You have been working on a design that has grown very large, and the tool execution times have become excessively long. You would like to split the design into two parts and run the tool-flow on each part indpendently. In this assignment, you will create a hierarchical floorplan for a design containing a microprocessor (with memories) and a UART. Then you will place, synthesize the clock-tree, route, extract, and verify the timing of the design.

Tutorial

  1. Creating the floorplan
    For this assignment, our floorplan will have the following constraints:
    • The top-level aspect ratio should be 1:1 (square) to simplify the packaging and manufacturing.
    • All blocks should be rectangular to simplify the floorplanning process.
    • The off-chip pins should be distributed as evenly along the outer perimeter as possible, again, to simplify the packaging.

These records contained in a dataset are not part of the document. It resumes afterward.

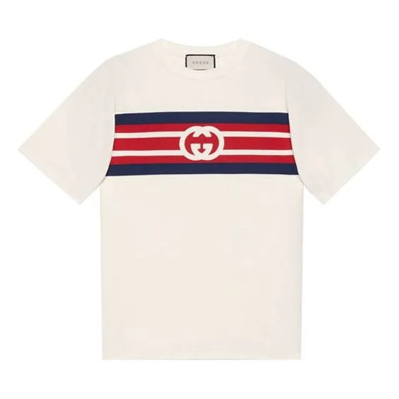 Men's Gucci SS21 Interlock Double G Stripe Printing Short Sleeve Creamy White T-Shirt 616036-XJDAG-9
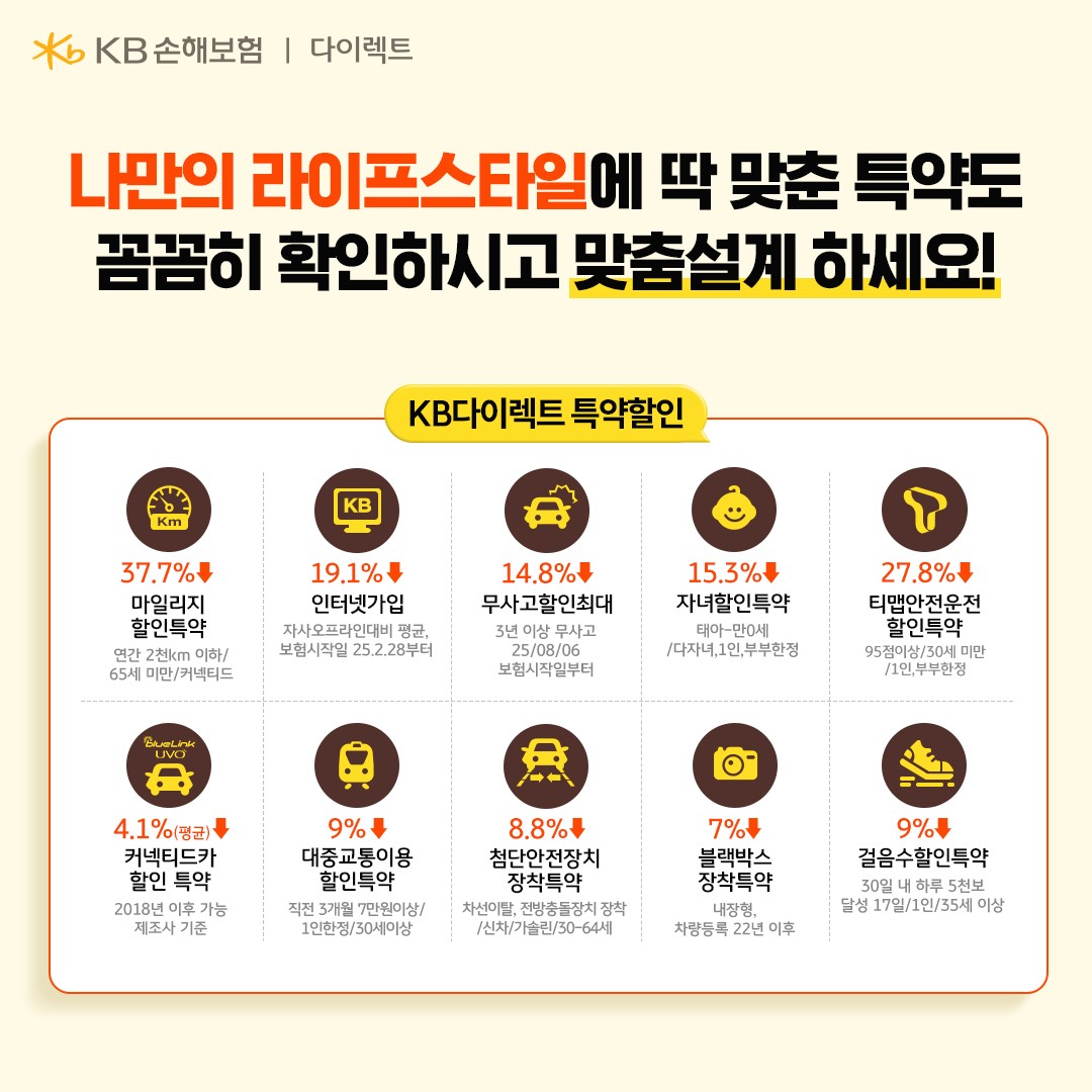 KB손해보험 다이렉트에는 이외에도 마일리지, 대중교통 할인특약 등 다양한 라이프스타일 맞춤 특약이 준비되어 있어요. 운전 습관과 생활 패턴에 따라 선택할 수 있는 다양한 할인 특약을 통해, 나만의 맞춤형 자동차보험 설계가 가능해요.
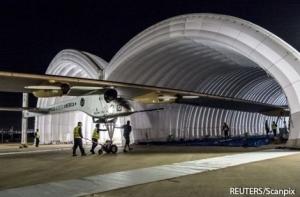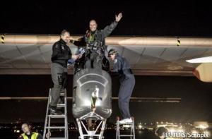 Самолет Solar Impulse («Солнечный импульс»), сконструированный в Швейцарии, представляет из себя планер с размахом крыльев в 63,4 метра и массой в 1588 килограммов. Он приводится в движение четырьмя моторами мощностью 10 лошадиных сил каждый. Они питаются от 400-килограммового литиевого аккумулятора, который заряжается от размещенных на крыльях фотоэлементов. Создатели самолета Андре Боршберг и Бертран Пиккар уже планируют следующий этап: в 2015 году «Импульс» начнет кругосветное путешествие.
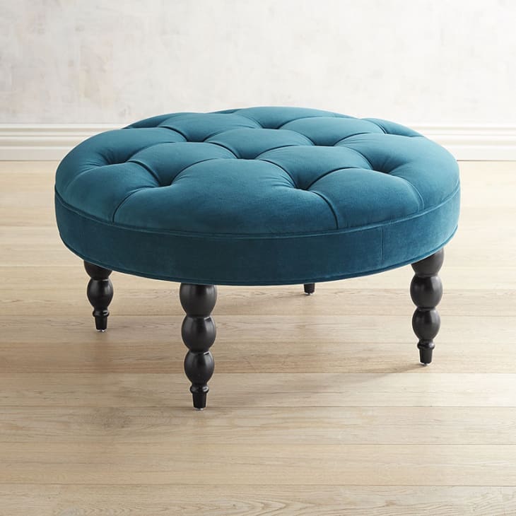 The button tufted ottoman, round circle tufted coffee table, cocktail ottoman is perfect for any room or space. Baxton studio kaylee teal blue storage ottoman bench 160 9936 hd. Ideal as a footstool or coffee table, the ottoman is built with a solid oak frame. Low profile for a clean modern look; Parisian contemporary button tufted fabric pillow top ottoman coffee table.
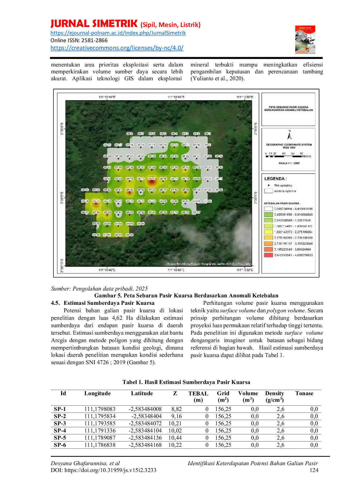 JURNAL SIMETRIKJURNAL SIMETRIKPasir kuarsa memainkan peran vital dalam berbagai industri karena sifat dan aplikasinya yang unik. Penelitian ini dilakukan di Teluk Madang, Sukamara, untuk menentukan distribusi dan ketebalan pasir kuarsa serta memperkirakan potensi sumber dayanya. Metode penelitian melibatkan observasi lapangan langsung, yang kemudian diolah menjadi data spasial dan perhitungan sumber daya menggunakan metode poligon. Berdasarkan peta geologi regional, area penelitian terdiri dari tiga formasi geologi yang menunjukkan potensi akumulasi pasir kuarsa. Observasi geomorfologi mengidentifikasi tiga satuan lahan: dataran aluvial (51%), dataran rawa (20%), dan daratan bergelombang (29%). Sebanyak 96 lubang bor dilakukan di area penelitian seluas 4,62 hektar. Ketebalan lapisan pasir kuarsa bervariasi, dengan ketebalan maksimum 3,6-4 meter dan minimum 0,4 meter. Rata-rata ketebalan berkisar antara 1,3-1,8 meter. Menggunakan metode poligon, volume sumber daya pasir kuarsa diperkirakan sebesar 12.225 m³, dengan kepadatan 2,6 g/cm³, menghasilkan total perkiraan tonase pasir silika sekitar 31.785 ton.
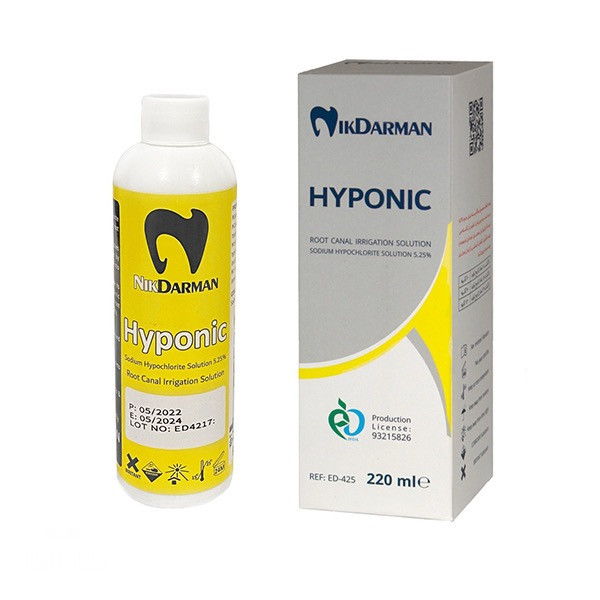 هیپونیک، محصولی موثر و به صرفه برای شستشو و ضدعفونی کردن کانال در درمان های اندو می باشد، و با حل کردن مواد آلی و حذف بقایای غیرزنده ریشه، ضمن آماده سازی کانال، می تواند از تغییر رنگ دندان نیز جلوگیری کند.

    • In order to simplify our hierarchical timing verification flow later on, we will assume that a buffer cell is placed in-between the or1200 and uart16550 designs as shown below. This will waste some area, but the wire-lengths will be so short that the buffer load and drive capability can be accurately and easily modeled in PrimeTime. Therefore, we must constrain our floorplan to make sure that on-chip pins are as close together as possible.
      Buffer Design
    • Lastly, since there are four clocks in this design (three for the or1200 and one for the uart16550 design), all of which come in through boundary pins, all pins must be as close together as possible to minimize skew.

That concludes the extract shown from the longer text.